Hounds in Christian and Modern Mythology

“Most of the pagan myths that involve hounds managed to stay after the advent of Christianity, with the animals coming from hell now, rather than the Otherworlds. These hellhounds typically follow the pattern of having black fur, glowing red eyes, a baleful howl, and a malodorous odor. They may haunt graveyards or desolate moors, or may roam the country side. Their typical function is to hunt humans in order to take the souls to Hell. There is the Barghest from northern England around Yorkshire, who preys on lonely travelers. The Black Shuck is another English dog, a ghostly animal from the Norfolk, Essex, and Suffolk areas whose name comes from the regional term for shaggy, and may have been the inspiration for Sherlock Holmes story “The Hound of the Baskervilles.” The yeth hound is a headless dog, said to be the spirit of an unbaptized child, and makes horrible crying noises as it roams the countryside.” ref

“In southern Mexico and Central America folklore, the Cadejo is a big black dog that haunts travelers who walk late at night on rural roads. The term is also common in American blues music, such as with Robert Johnson’s 1937 song, Hellhound on My Trail, from an American folk tale that involves selling one’s soul to the devil for musical fame, with the devil sending hellhounds to collect when the contract came up. The Four Horseman of the Apocalypse has ties to the Wild Hunt, as riders in the sky who boded no human well. Western United States folklore has the Ghost Riders, a ghastly collection of eerie cowboys who haunt the skies across the American frontier.

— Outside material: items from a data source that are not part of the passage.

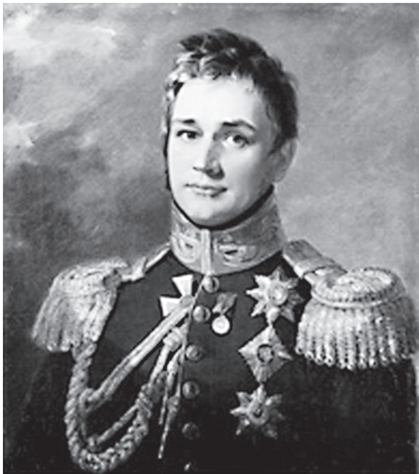
М.С. Воронцов, граф, – генерал-губернатор Новороссии. Худ. Дж. Доу, 1820 г. Военная галерея Зимнего дворца.
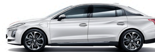
أبيض Luster White
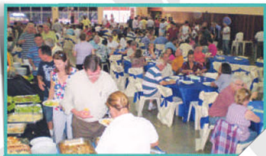
Festa de Confraternização no CEC
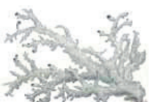
Suomutinjäkälä Stereocaulon saxatile • Klipp-pääksilär
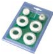
43 - Комплект монтажный на 3/8" с силиконовыми прокладками для радиаторов высотой от 200/D до 800 мм
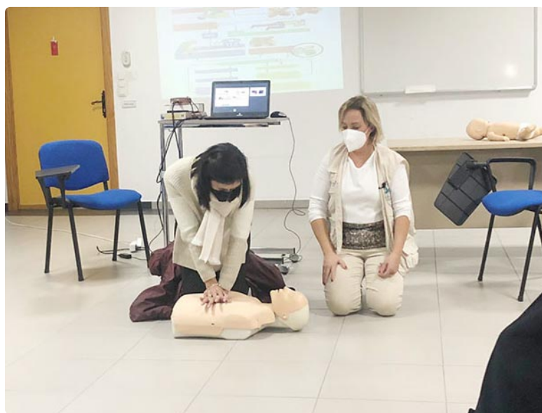
Un momento de las explicaciones

El Colegio Oficial de Enfermería de Córdoba continúa animando a todos los profesionales enfermeros de la provincia a sumarse a esta iniciativa, para la que tan solo es necesario motivación para ser parte del cambio y disponer de un poco de tiempo para acciones de voluntariado. Los enfermeros interesados pueden informarse en el email cordoba@solidaridadenfermera.org o en el teléfono del colegio cordobés 957 29 75 44. ■
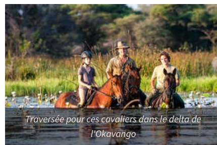
Traversée pour ces cavaliers dans le delta de l'Okavango
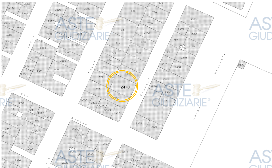
Stralcio del foglio di mappa catastale n. 67

Per l'immediata visualizzazione planimetrica del luogo, è stato di seguito riprodotto lo stralcio del foglio di mappa catastale n. 67, rilasciato dall'Agenzia delle Entrate Direzione Provinciale di Siracusa Ufficio Provinciale – Territorio – che, correlato a due aerofotogrammetrie, rende possibile la percezione della posizione del bene all'interno della città: in particolare l'area, in cui è l'immobile pignorato, è stata indicata con doppio cerchio giallo.

Similar to the Ghost Riders, the Buckriders were ghosts and devils who were seen in Germany and Belgium, riding the night skies on the backs of Satan’s own goats. Whether they maintained their fierceness in modern times (and sometimes becoming even more wicked) or they have turned into tales (tails?) for the nursery, the hound is a permanent fixture in mythology and folklore, keeping its position as man’s best friend, whether that “man” is human, fae, or a god/goddess.” ref

    OLKLORE PARALLELS BETWEEN SIBERIA AND SOUTH ASIA AND THE MYTHOLOGY OF THE EURASIAN STEPPES

Myth 1 – the guard (usually a dog) cannot defend the human figures created by God from the antagonist; Myth 2 – the guard (usually a dog) successfully drives away the antagonist who tried to destroy God’s creation; Myth 3 – the antagonist is a horse or a cow (among the Oirats).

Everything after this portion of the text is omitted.